Would AEB wiring harness and ecu work on any other 1.8t engine code ?
http://****************.com/smile/emthup.gif


----------



## Boostin20v (Mar 22, 2000)

*FV-QR*


_Quote, originally posted by *C2 Porcelain Vr* »_Would AEB wiring harness and ecu work on any other 1.8t engine code ?

Yes, the block doesn't care what is driving it, you just need the correct sensors connected.


----------



## wayneface (Mar 20, 2009)

*Re: FV-QR (Boostin20v)*

I'm looking to do the same.
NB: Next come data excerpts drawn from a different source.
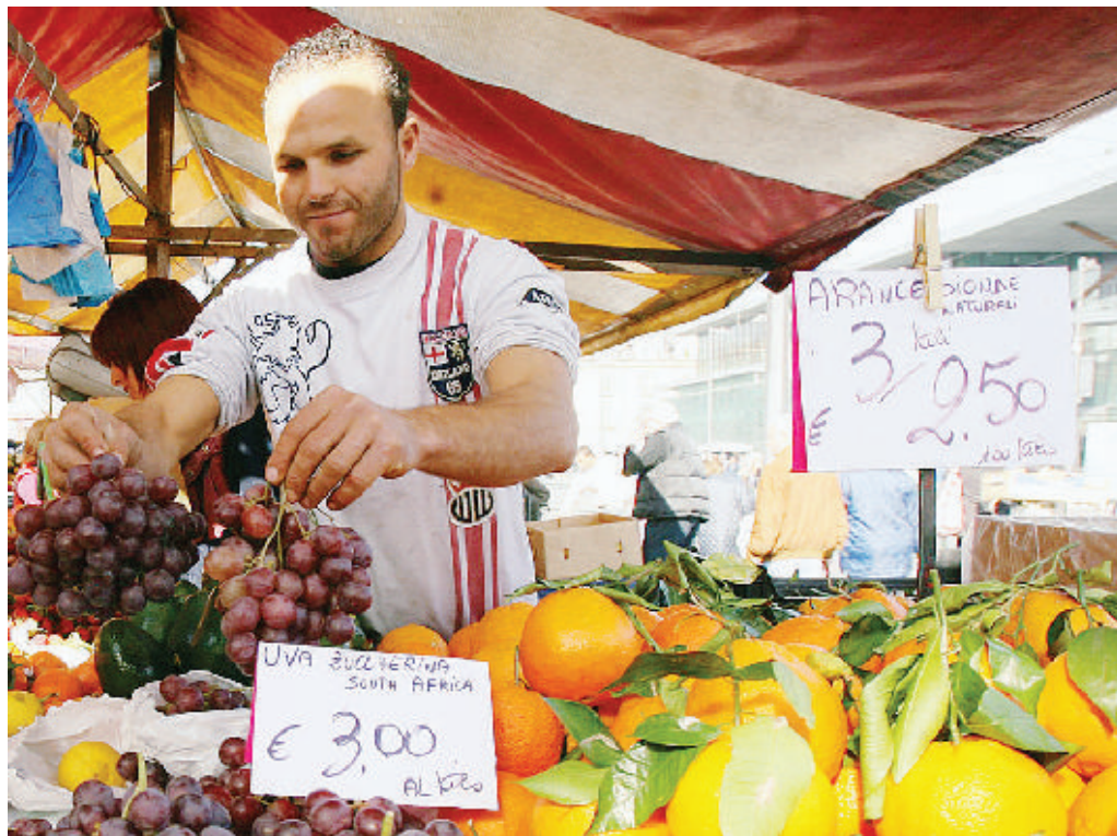
Guardati con diffidenza, gli stranieri potrebbero diventare indispensabili alle prossime amministrative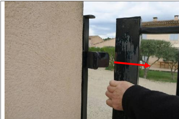
1 Ouvrir le portail en le tirant vers la droite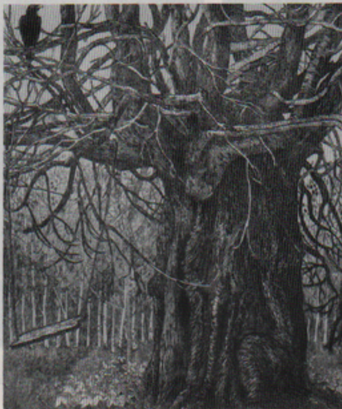
"Munin", 50x70 cm. Litografi: stålgrå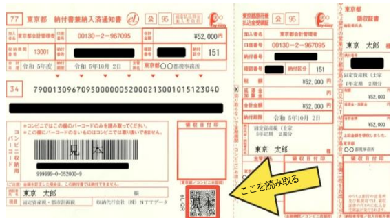
納付書の下部に eL-QR が掲載

地方税お支払サイトの eL-QR 読取画面から納付書のeL-QRを読み取り、支払手続きをすると納付ができます。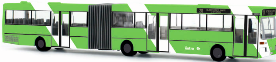
MERCEDES-BENZ O 405 G „üstra, Hannover“ 69817 | 1:87 | D | PG 49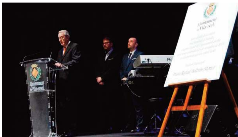
En el Auditorio Municipal de Vila-real «Rafael Beltrán Moner»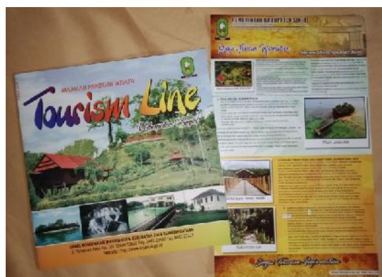
Gambar 4.1 Majalah Panduan Wisata Kabupaten Sinjai

Selain melakukan promosi melalui media elektronik dan media cetak Dinas Pariwisata juga melakukan promosi dengan melakukan hubungan masyarakat atau mempromosikan secara langsung kepada masyarakat dalam rangka meningkatkan kunjungan wisatawan di Kabupaten Sinjai,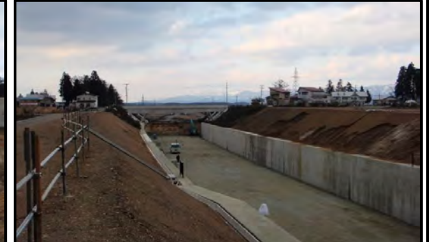
尾花沢地区(新庄方向)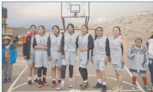
Persistencia y unidad en Racing de Oro campeonas en baloncesto

esto no afectó el desempeño de las jugadoras de Gran Tunari y Racing de Oro. El encuentro fue tan parejo que se tuvo que ir a un tiempo extra para definir al campeón. Finalmente, Racing de Oro se consagró campeón ganando por 26 a 23.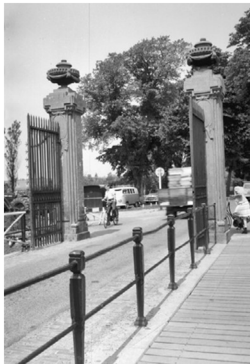
Een winst van 25 cm! De hekwerken zijn verplaatst naar de kopse kant van de natuurstenen pijlers, juist daar waar de ornamenten zitten.

ook in 2014 het initiatief de poort te herstellen. Kunst- en Siersmederij Rosier uit Akkrum restaureert de hekwerken, waarbij men de ontbrekende stalen spijlen speciaal uit Engeland laat komen omdat die afmetingen in Nederland niet te vinden zijn.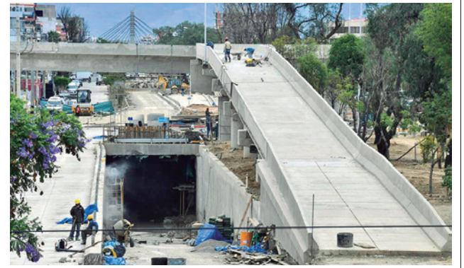
Los tres niveles del distribuidor vehicular.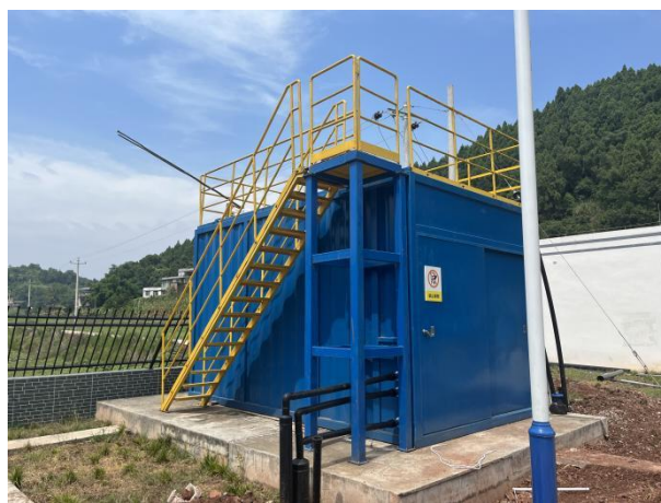
图 3-2 全封闭的一体化污水处理设备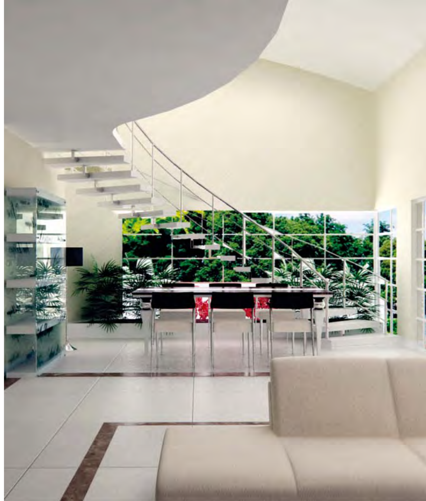
Salon Living Room

METRAJA ORTAK KULLANIM ALANLARI DAHİL EDİLMEMİŞTİR. COMMON USAGE AREAS ARE NOT INCLUDED IN THE DIMENSIONS.

I'm running a stock 2.0 right now and have a buddy who is going to sell me his 1.8t from his wrecked gti. I will also be swapping transmissions as my reverse gear is blown. 
My question is mainly about the cluster. Can I just swap out the clusters? As in putting the mk4 directly into my mk3? Or do I need to do a full dash swap?


----------



## Boostin20v (Mar 22, 2000)

*FV-QR*

You can bypass the need for the Mk4 cluster by getting the IMMO defeated.


----------



## wayneface (Mar 20, 2009)

*Re: FV-QR (Boostin20v)*

Well, aren't the gauges different? Plus, I'm going from a 2.0 with 155,XXX to a 1.8 with 98k on it, and would kind of like the mileage to match up.


----------



## Boostin20v (Mar 22, 2000)

*FV-QR*

running the cluster will make the wiring much more complex for no gain.


----------



## wayneface (Mar 20, 2009)

*Re: FV-QR (Boostin20v)*

sounds good. thanks for the info.


----------



## porkchop_man (Apr 20, 2007)

the front mount has to be from a mk3 TDI in order to fit, ive tried a 2.0 mount and it doesnt work. Heres the part number. 1H0 199 273 A


----------



## 1.8T_GoLF (Jan 22, 2008)

So I have a full 2000 1.8t car What of this can I put in a Mk3 4door golf ? 
I wanna do the swap but anything else ?


----------